The parties' briefs address a number of procedural questions. These include whether a claim of preemption may be presented directly under the Supremacy Clause of the Constitution and whether relief under the theory of Ex parte Young , 209 U.S. 123, 28 S.Ct. 441, 52 L.Ed. 714 (1908), would be appropriate against the state defendants in light of remedies potentially available under the Federal Power Act. See Armstrong v. Exceptional Child Center , --- U.S. ----, 135 S.Ct. 1378, 191 L.Ed.2d 471 (2015) ; Verizon Maryland, Inc. v. Public Service Commission of Maryland , 535 U.S. 635, 122 S.Ct. 1753, 152 L.Ed.2d 871 (2002). But none of the procedural disputes concerns subject-matter jurisdiction, which rests on both 28 U.S.C. § 1331 (federal-question jurisdiction) and 16 U.S.C. § 825p (authorizing suits in equity to enforce the Federal Power Act). Because the district court's jurisdiction is secure, we can go straight to the merits-for, if we decide that federal law does not preempt the state statute, none of the procedural issues matters.
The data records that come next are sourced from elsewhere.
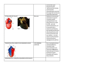 Este documento describe diversas anomalías congénitas del corazón, incluyendo defectos en el desarrollo del tabique interatrial y tabique interventricular, comunicaciones interatriales e interventriculares, tetralogía de Fallot, transposición de grandes vasos, síndrome del corazón izquierdo hipoplásico, ectopia cordis, dextrocardia, conducto arterioso persistente, atresia mitral y coartación aórtica. Se explican las causas de cada anomalía en términos del desarrollo embrioló
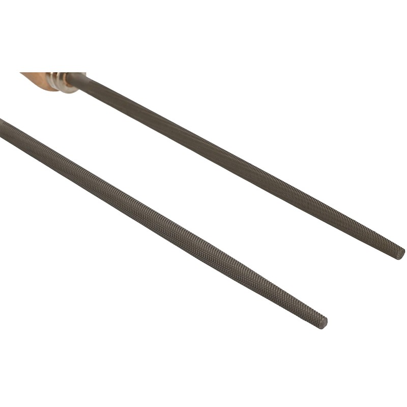 - Technical data - coarse metal file round - working length: 250 mm, diameter: 9 mm, total length: 370 mm, weight: 168 g, material file blade: carbon steel, wooden handle
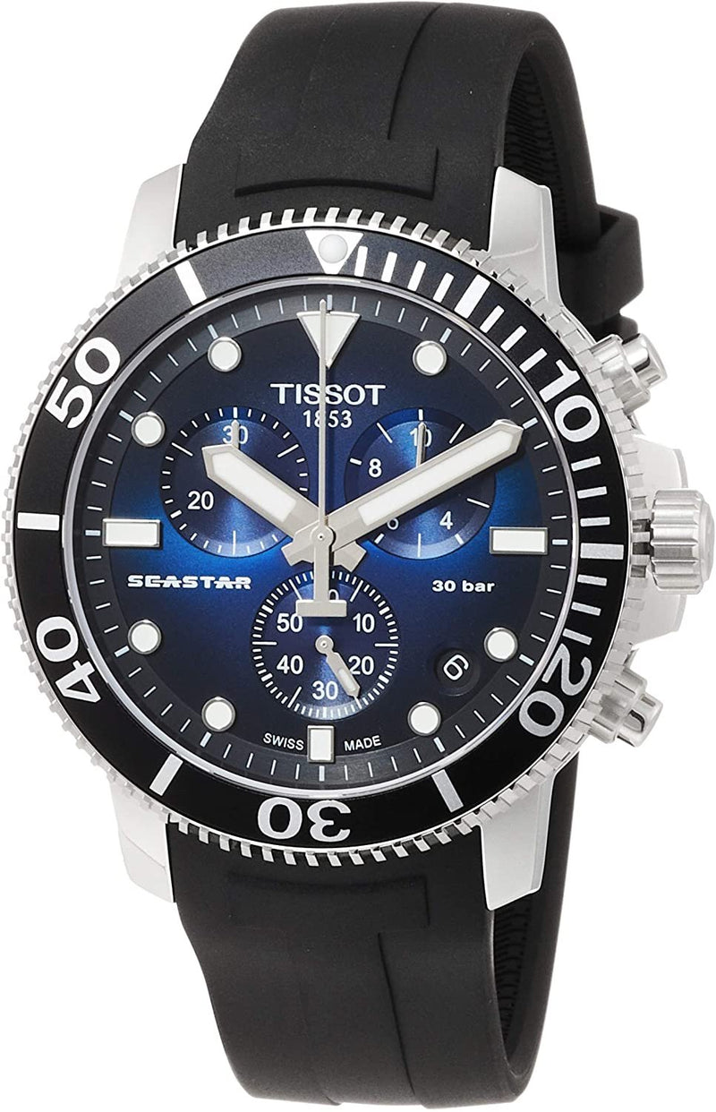 Tissot Men's Seastar 660/1000 Stainless Steel Swiss Quartz Rubber Strap, Black, 22 Casual Watch (Model: T1204171704100)
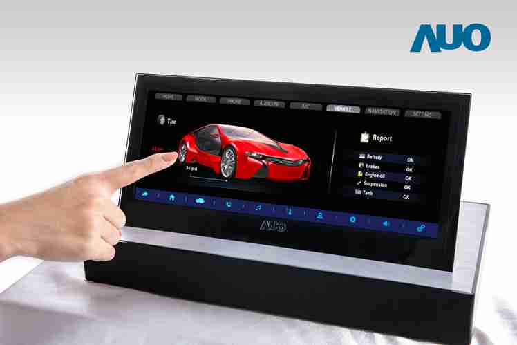 12.3 寸 Full HD LTPS 显示屏同样具备 1000 nits 高亮度,,,,搭载内嵌式触控技术,,,整合驱动与触控 IC 于显示屏制程,,,使显示屏厚度降低,,为中控台创造更多机构设计空间。。。应用于抬头显示器的 3寸 LTPS 显示屏具有高穿透率、、、、1200:1 高对比度度,,,以及 297 PPI 高画素密度。。液晶最高可耐受到 110C 的高温 (TNI) 而不液化,,在阳光高温下维持优异稳定的显示效果。。。。

At oral argument we expressed concern that the Federal Energy Regulatory Commission had not decided whether Illinois has interfered with its authority over auctions for interstate power. After receiving submissions from the litigants addressing the possibility of invoking the doctrine of primary jurisdiction (another non-jurisdictional doctrine, despite its name) and waiting for the FERC to act on petitions pending before it, we decided to ask the agency to give us its views as an amicus curiae . The Commission and the United States then filed a joint brief concluding that Illinois' program does not interfere with interstate auctions and is not otherwise preempted. More briefs from the parties followed, and the appeals are at last ready for decision.

The Federal Power Act divides regulatory authority between states and the FERC. The Commission regulates the sale of electricity in interstate commerce (including auctions conducted by regional organizations), while states regulate local *523distribution plus the facilities used to generate power. 16 U.S.C.